- Requirement: The full listing, word for word and free of images, is the expected result.

- Data extract:

┏━━

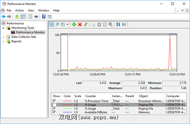 默认情况下,监视器仅显示“%Processor Time",它显示在任何给定时间使用了多少CPU,但是您可以添加更多计数器,例如磁盘使用率,能耗,页面文件大小,搜索索引大小等等。
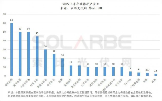 其中,硅棒擴(kuò)產(chǎn)規(guī)模共計(jì)219GW,主要集中于以下8家企業(yè)。
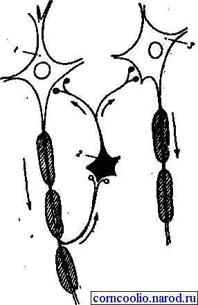 Рис. 16. Схема возвратного торможения. Коллатерали аксона мотонейрона (1) контактируют с телом клетки Реншоу (2), короткий аксон которой, разветвляясь, образует тормозные синапсы на мотонейронах 1 и 3. Латеральное (боковое) торможение. Вставочные клетки формируют тормозные синапсы на соседних нейронах, блокируя боковые пути распространения возбуждения (рис. 17). В таких случаях возбуждение направляется только по строго определенному пути.

┗━━

- Solution to this task:
 默认情况下,监视器仅显示“%Processor Time",它显示在任何给定时间使用了多少CPU,但是您可以添加更多计数器,例如磁盘使用率,能耗,页面文件大小,搜索索引大小等等。
 其中,硅棒擴(kuò)產(chǎn)規(guī)模共計(jì)219GW,主要集中于以下8家企業(yè)。
 Рис. 16. Схема возвратного торможения. Коллатерали аксона мотонейрона (1) контактируют с телом клетки Реншоу (2), короткий аксон которой, разветвляясь, образует тормозные синапсы на мотонейронах 1 и 3. Латеральное (боковое) торможение. Вставочные клетки формируют тормозные синапсы на соседних нейронах, блокируя боковые пути распространения возбуждения (рис. 17). В таких случаях возбуждение направляется только по строго определенному пути.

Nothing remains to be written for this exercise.